'Which is entirely attributable,' said Madame, 'to the gross misconduct and most improper behaviour of Mr Mantalini.'
'Of me, my essential juice of pineapple!'
'Of you,' returned his wife. 'But I will not allow it. I will not submit to be ruined by the extravagance and profligacy of any man. I call Mr Nickleby to witness the course I intend to pursue with you.'
'Pray don't call me to witness anything, ma'am,' said Ralph. 'Settle it between yourselves, settle it between yourselves.'
'No, but I must beg you as a favour,' said Madame Mantalini, 'to hear me give him notice of what it is my fixed intention to do--my fixed intention, sir,' repeated Madame Mantalini, darting an angry look at her husband.

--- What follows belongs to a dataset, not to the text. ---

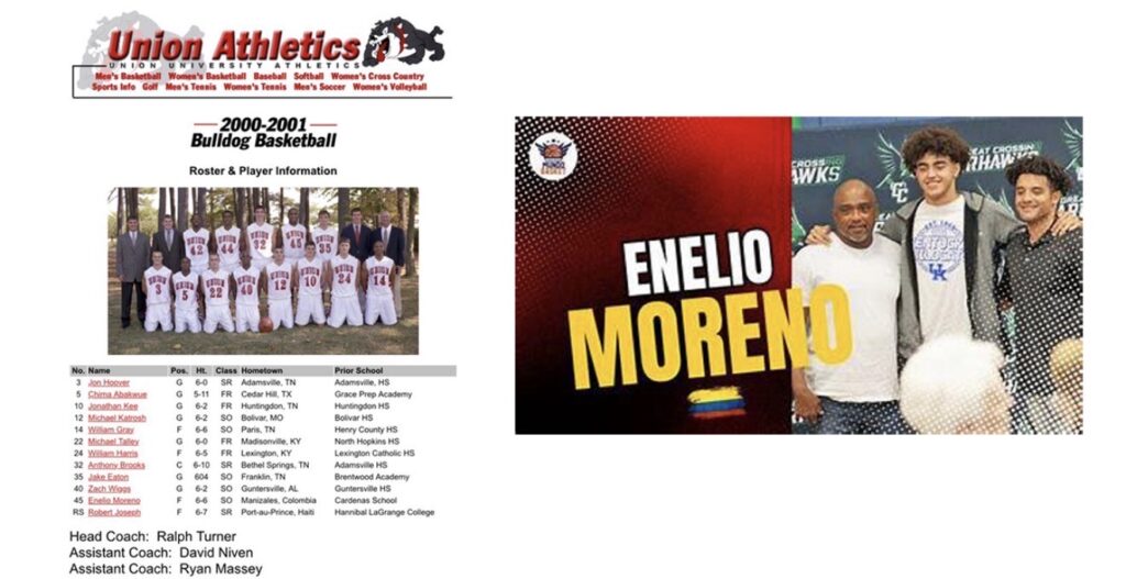 A photograph – 2000-2001 season – Union’s sports information department passed along shows Enelio, No. 45, and David Niven, second from left, back row, who is now the head basketball coach at Union.

'Will she call me "Sir"?' cried Mantalini. 'Me who dote upon her with the demdest ardour! She, who coils her fascinations round me like a pure angelic rattlesnake! It will be all up with my feelings; she will throw me into a demd state.'
'Don't talk of feelings, sir,' rejoined Madame Mantalini, seating herself, and turning her back upon him. 'You don't consider mine.'
'I do not consider yours, my soul!' exclaimed Mr Mantalini.
'No,' replied his wife.
And notwithstanding various blandishments on the part of Mr Mantalini, Madame Mantalini still said no, and said it too with such determined and resolute ill-temper, that Mr Mantalini was clearly taken aback.
'His extravagance, Mr Nickleby,' said Madame Mantalini, addressing herself to Ralph, who leant against his easy-chair with his hands behind him, and regarded the amiable couple with a smile of the supremest and most unmitigated contempt,--'his extravagance is beyond all bounds.'
'I should scarcely have supposed it,' answered Ralph, sarcastically.

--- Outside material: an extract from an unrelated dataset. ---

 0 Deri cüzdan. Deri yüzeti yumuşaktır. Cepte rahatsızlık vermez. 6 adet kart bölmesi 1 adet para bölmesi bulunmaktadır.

'I assure you, Mr Nickleby, however, that it is,' returned Madame Mantalini. 'It makes me miserable! I am under constant apprehensions, and in constant difficulty. And even this,' said Madame Mantalini, wiping her eyes, 'is not the worst. He took some papers of value out of my desk this morning without asking my permission.'
Mr Mantalini groaned slightly, and buttoned his trousers pocket.
'I am obliged,' continued Madame Mantalini, 'since our late misfortunes, to pay Miss Knag a great deal of money for having her name in the business, and I really cannot afford to encourage him in all his wastefulness. As I have no doubt that he came straight here, Mr Nickleby, to convert the papers I have spoken of, into money, and as you have assisted us very often before, and are very much connected with us in this kind of matters, I wish you to know the determination at which his conduct has compelled me to arrive.'
Mr Mantalini groaned once more from behind his wife's bonnet, and fitting a sovereign into one of his eyes, winked with the other at Ralph. Having achieved this performance with great dexterity, he whipped the coin into his pocket, and groaned again with increased penitence.

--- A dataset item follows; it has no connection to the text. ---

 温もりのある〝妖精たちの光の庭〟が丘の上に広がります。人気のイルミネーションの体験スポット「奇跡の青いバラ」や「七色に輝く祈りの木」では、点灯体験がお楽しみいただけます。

'I have made up my mind,' said Madame Mantalini, as tokens of impatience manifested themselves in Ralph's countenance, 'to allowance him.'
'To do that, my joy?' inquired Mr Mantalini, who did not seem to have caught the words.
'To put him,' said Madame Mantalini, looking at Ralph, and prudently abstaining from the slightest glance at her husband, lest his many graces should induce her to falter in her resolution, 'to put him upon a fixed allowance; and I say that if he has a hundred and twenty pounds a year for his clothes and pocket-money, he may consider himself a very fortunate man.'
Mr Mantalini waited, with much decorum, to hear the amount of the proposed stipend, but when it reached his ears, he cast his hat and cane upon the floor, and drawing out his pocket-handkerchief, gave vent to his feelings in a dismal moan.
'Demnition!' cried Mr Mantalini, suddenly skipping out of his chair, and as suddenly skipping into it again, to the great discomposure of his lady's nerves. 'But no. It is a demd horrid dream. It is not reality. No!'
Comforting himself with this assurance, Mr Mantalini closed his eyes and waited patiently till such time as he should wake up.